This article was first released to subscribers 1 month ago.
ETF Month Begins!
I've recently received some member feedback saying that they weren't only interested in closed-end funds. I do admit that our service has been devoting more attention to CEFs recently, due to the attractive opportunities offered by the December sell-off. However, with CEF valuations back to a 14-month high and in fairly valued (equity CEFs) to even slightly overvalued (fixed income CEFs) territory, it might be prudent to consider whether there are any alternatives to CEFs that could be worth your attention.
Just like last March of last year, I'm designating this month as "ETF Month" where I will focus on profiling different exchange-traded funds. Some of these will be income-focused, whereas others may not be.

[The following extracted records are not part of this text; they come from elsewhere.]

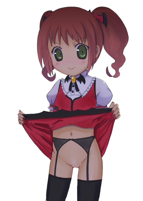 odaya, odayan, minamoto chizuru, kanokon, 00s, 1girl, animal ears, female focus, fox ears, kneehighs, panties, plaid clothes, plaid skirt, school uniform, serafuku, skirt, socks, solo, tail, underwear
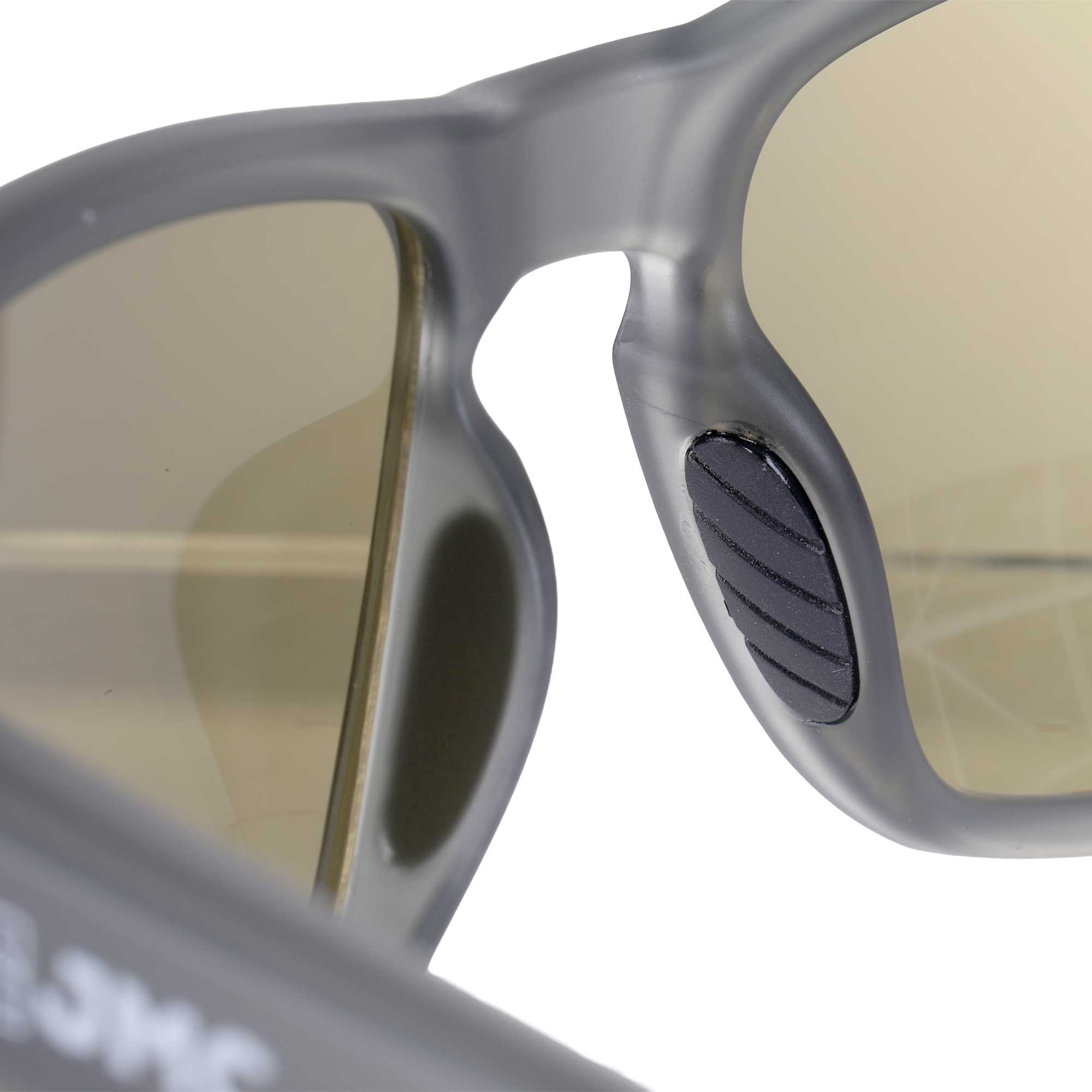 - Yellow/amber photochromic lens for improved contrast in diffuse light
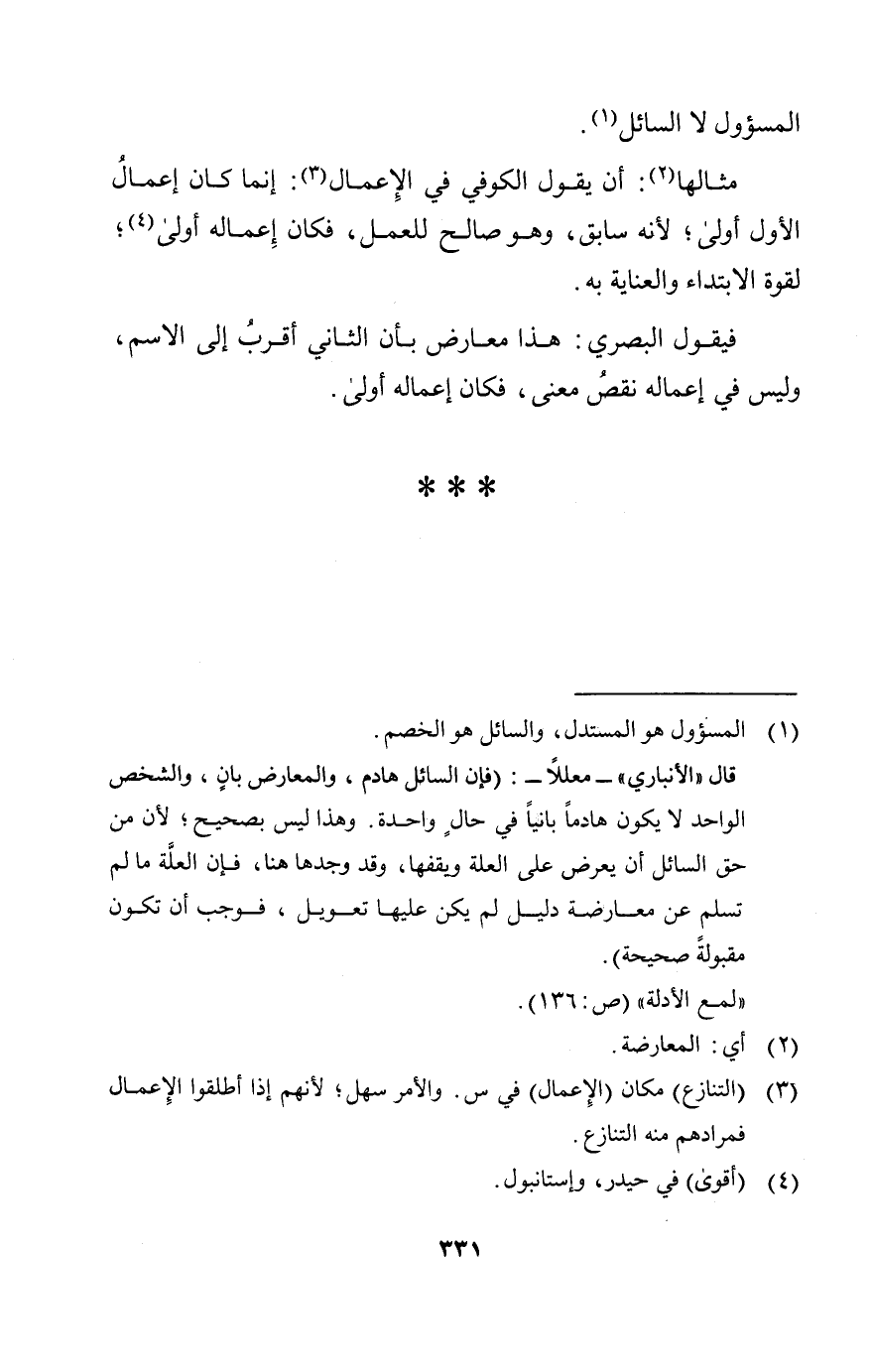 مثلها ان يقول في الإعمال: إنما كان إعما لالول أولى لأنه سابق وهو ثالح للعمل فكان إعماله أولى لقوة الابتداء والعناية به.
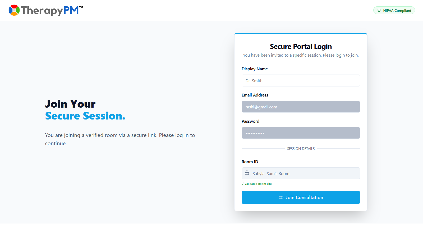 Step 2: Once you have sent the link to your clients, you start the sessions by clicking on that "Start Your Session" button. A new tab will open where you need to fill in your name and join the meeting.
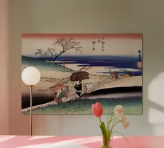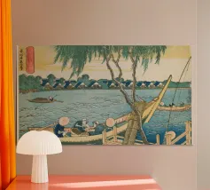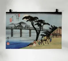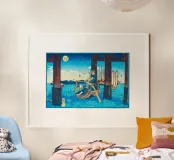Japanese Ukiyo-e and Shin-Hanga prints, from serene landscapes by Kawase Hasui to the iconic waves of Hokusai and Hiroshige. Ukiyo-e, literally “pictures of the floating world,” is a Japanese art form that captures the beauty, elegance, and transience of everyday life. Originating in the Edo period, these woodblock prints and paintings depict landscapes, city scenes, theater, and the grace of women, blending realism with stylized design. Characterized by bold lines, harmonious color palettes, and meticulous attention to detail, Ukiyo-e celebrates the ephemeral moments of life—the shimmer of rain on a street, the curve of a mountain, the fleeting expression of a courtesan. Later, the Shin-Hanga movement revived this tradition with a modern sensibility, emphasizing light, mood, and atmosphere.
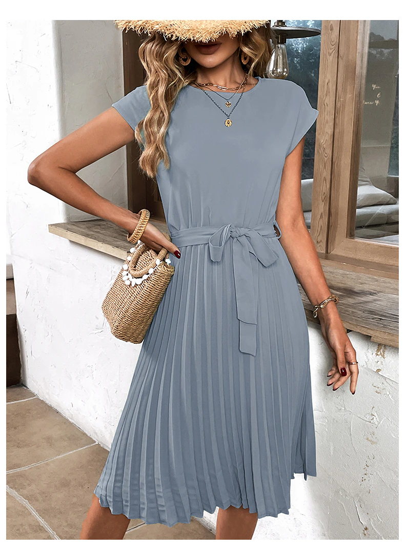 Elegant Casual Beach Sundress Short Sleeve Pleated Mini Dress
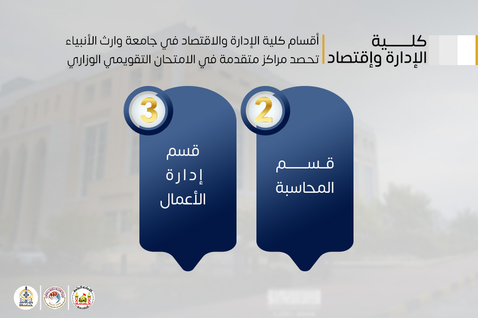 حققت كلية الإدارة والاقتصاد في جامعة وارث الأنبياء (عليها السلام) إنجازًا أكاديميًا لافتًا بحصول عدد من أقسامها العلمية على مراكز متقدمة في الامتحان التقويمي الوزاري على مستوى الجامعات العراقية، ما يعكس جودة التعليم الأكاديمي والتطور المستمر في برامجها الدراسية.
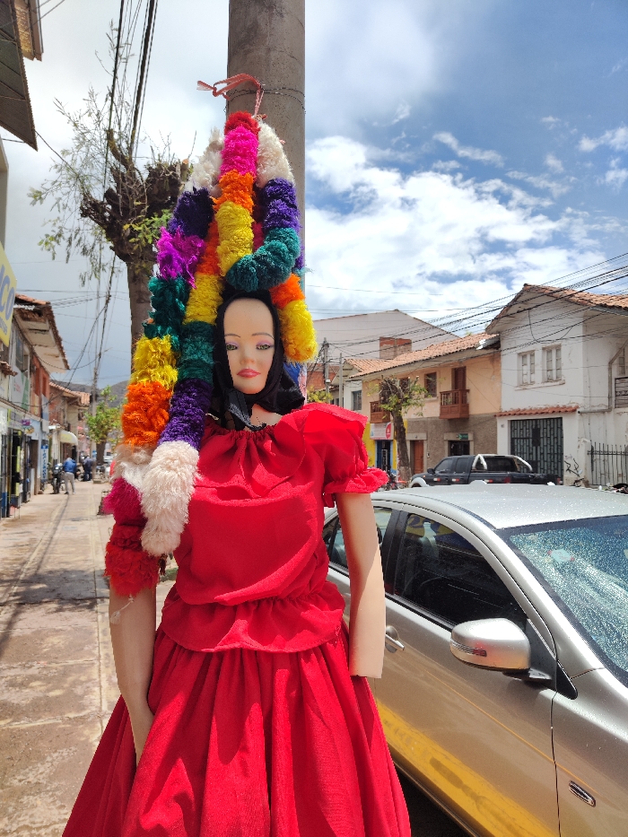 A full-body mannequin, dressed in a bright red traditional-style gown with a gathered neckline, short ruffled sleeves, and a tiered skirt, is displayed on a sidewalk in Wanchaq, Peru. The mannequin's head, detached from the body, features light skin, pinkish lips, and dark eyes, with black hair partially covered by a black fabric. A long, thick, multi-colored garland, made of various shades of fluffy yarn-like material including red, orange, yellow, green, blue, purple, and white, is draped around the mannequin's neck and head, extending upwards to be secured with red ties to a gray utility pole directly behind it. The mannequin's arms are visibly truncated at the elbows. Adjacent to the mannequin, a silver sedan is parked on the asphalt street. The background to the right consists of residential or commercial buildings with light-colored facades and terracotta-tiled roofs, some featuring balconies. To the left, a paved sidewalk extends into the distance, with more commercial buildings lining the street and several indistinct human figures walking. Overhead, a partly cloudy blue sky is visible, along with multiple utility lines and a sparse tree.
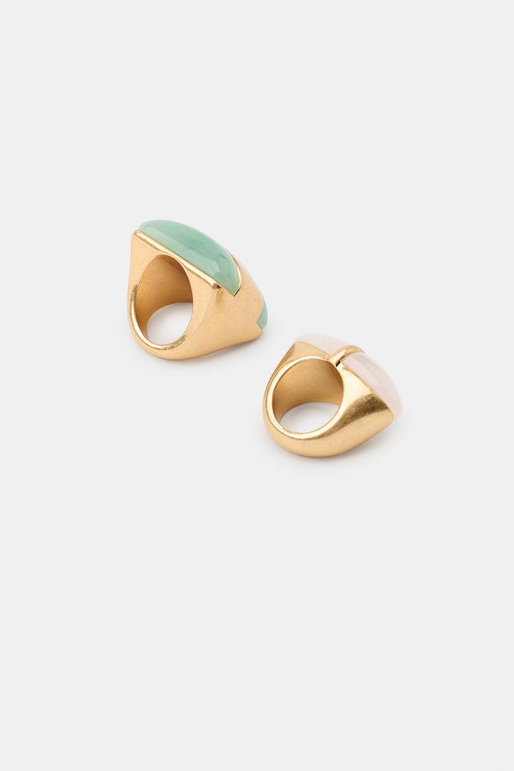 ZARA НАБОР ИЗ 2 КОЛЕЦ С КАМНЕМ ИЗ СМОЛЫ, ЗОЛОТИСТЫЙ
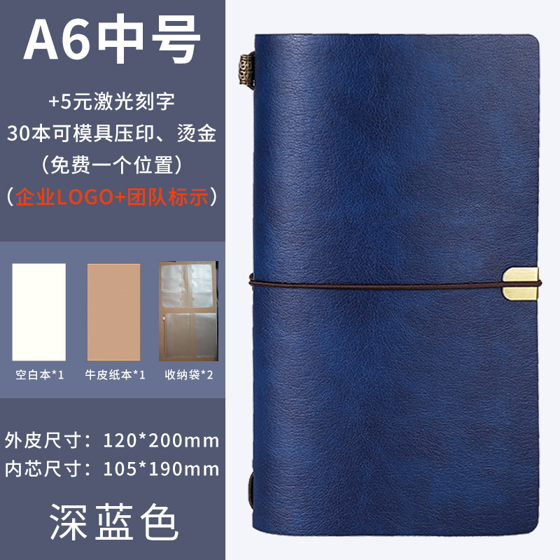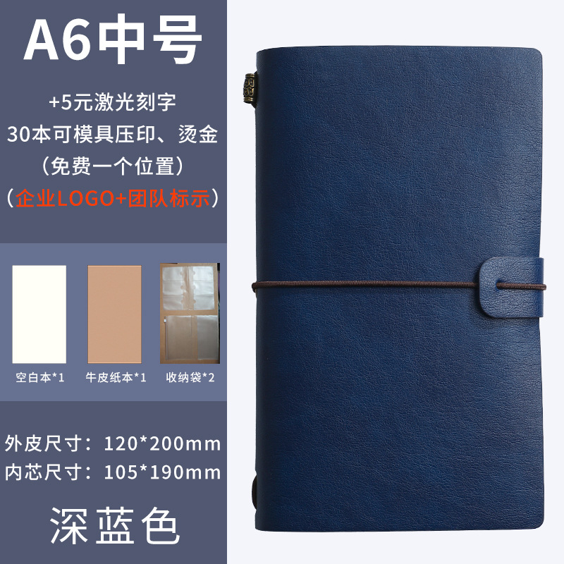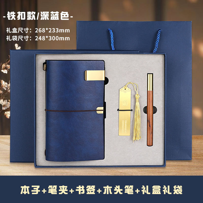 A6 среднего размера [улучшенная жесткая подарочная коробка + подарочный пакет + закладка + ручка из сандалового дерева + зажим для ручки] темно-синий - железная пряжка
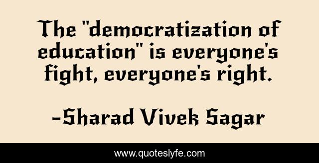 This page presents the quote "The "democratization of education" is everyone's fight, everyone's right.". Author of this quote is Sharad Vivek Sagar. This quote is about right, democracy, fight, democratization, social-entrepreneurship, education, dexterity-global,.
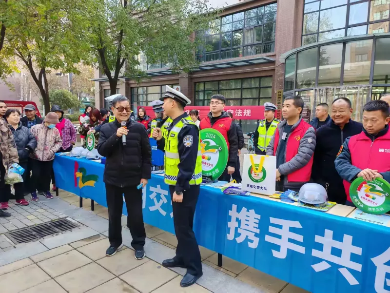 活动中,工作人员结合当前冬季道路交通安全形势,通过摆放宣传展板、悬挂主题横幅、观看交通事故警示教育宣传短片等形式,用通俗易懂的语言向群众详细讲解文明出行知识和超速超载,酒后驾驶、非机动车闯红灯等交通违法行为的危害,提醒群众不要随意横穿马路,不能乘坐农用三轮车,自觉践行“一盔一带”安全守护行动,携家人一起共同遵守交通法规,确保安全文明出行。同时,通过互动互答的形式向群众提问,赠送安全头盔、水杯、抽纸、香皂等精美小礼品,寓教于乐,让群众在轻松娱乐中进一步掌握安全知识,提高自我保护能力,真正树立起“文明交通 携手共创”意识。
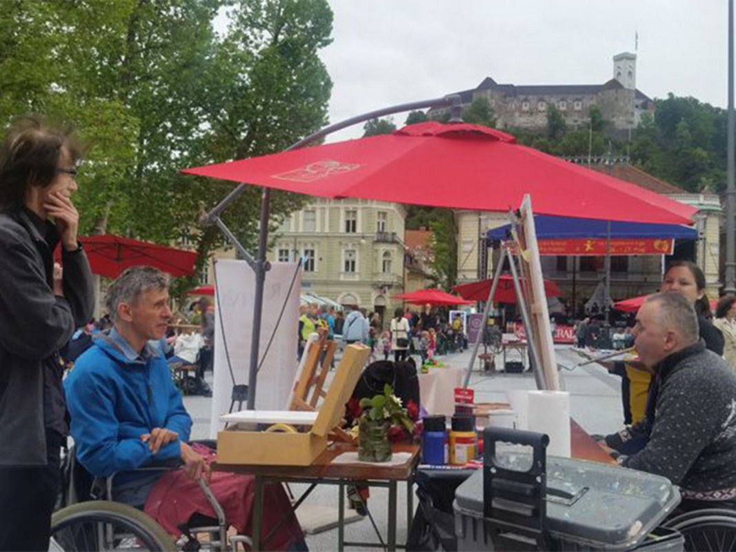 Med sodelujočimi sta bila tudi slikarja, ki sta člana Mednarodnega združenja slikarjev, ki slikajo z usti ali nogami – polnopravni član Benjamin Žnidaršič in naš štipendist Željko Vertelj.
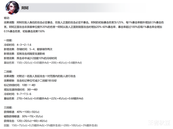 阿轲的改变终于上线体验服。好多东谈主齐知谈阿轲的大约改变,此次主淌若数值的颐养。
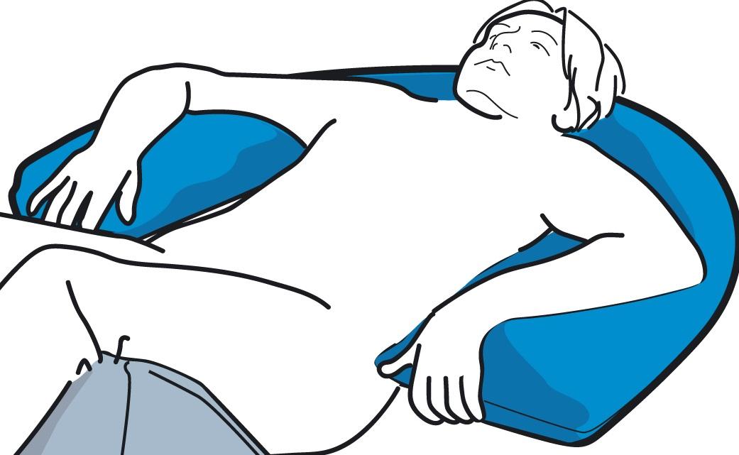 - In stützender Rückenlage des Patienten, zur Fixierung und Druckentlastung, hier wird das Halbmondkissen M direkt unter dem Kopf, Hals, Schultern und den oberen Extremitäten platziert
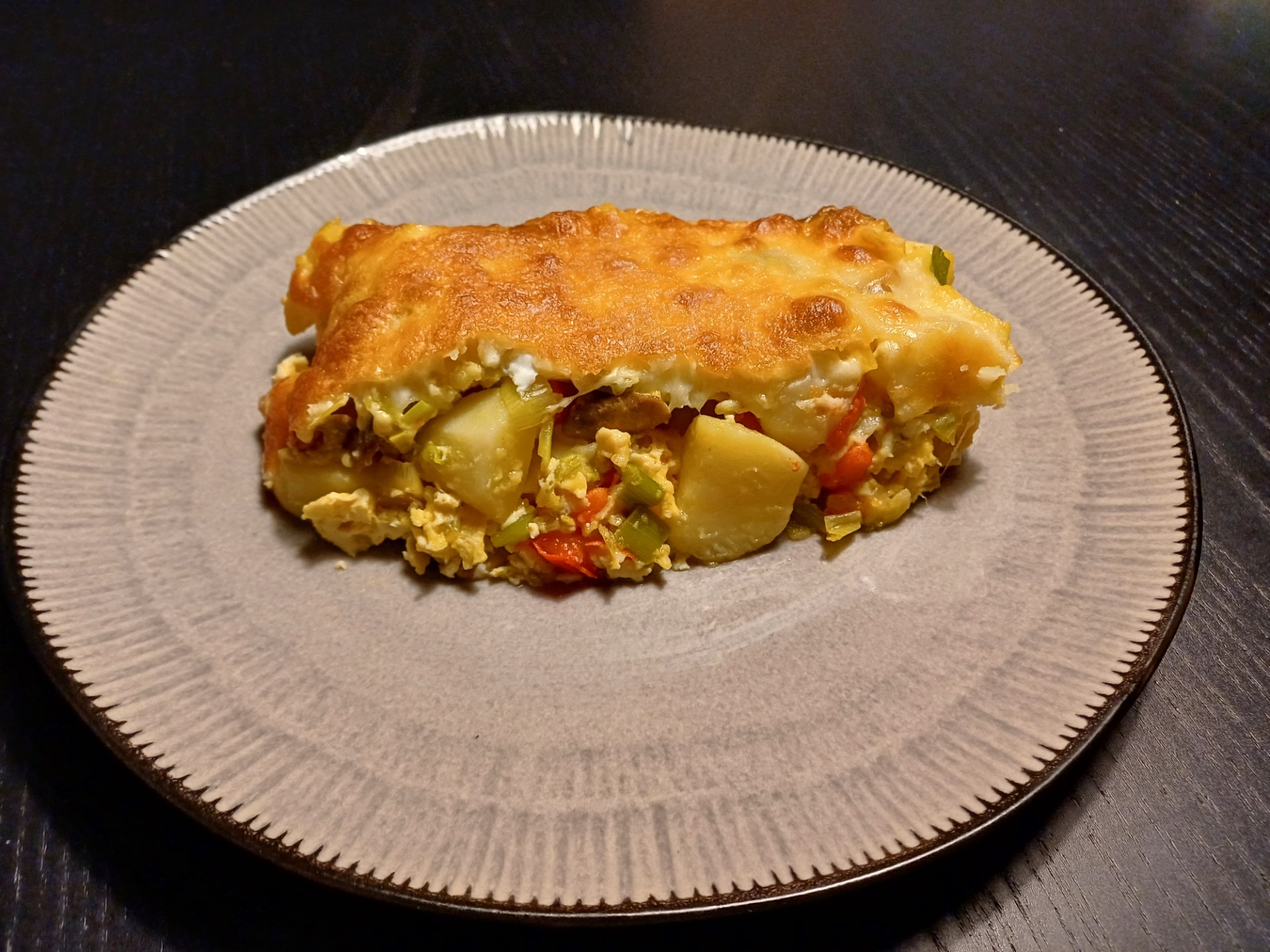 Klop in een kommetje de eieren los met de soyamelk en wat zout en peper. Verdeel dat mengsel over de groente en strooi daar tenslotte de geraspte kaas over.

Additionally, I may profile some higher risk sector-specific or leveraged ETFs that I can find particularly interesting. Hence, none of the ETFs profiled this month should be automatically considered to be "buy" recommendations!
I will also be taking ETF suggestions, so do let me know if you have any ETFs on your horizon.
What are the advantages and disadvantages of ETFs compared to CEFs?
- Most ETFs are passively managed. The advantage of this is lower fees compared to CEFs, which are actively managed. The disadvantage is that a passive fund will simply own everything in the index indiscriminately.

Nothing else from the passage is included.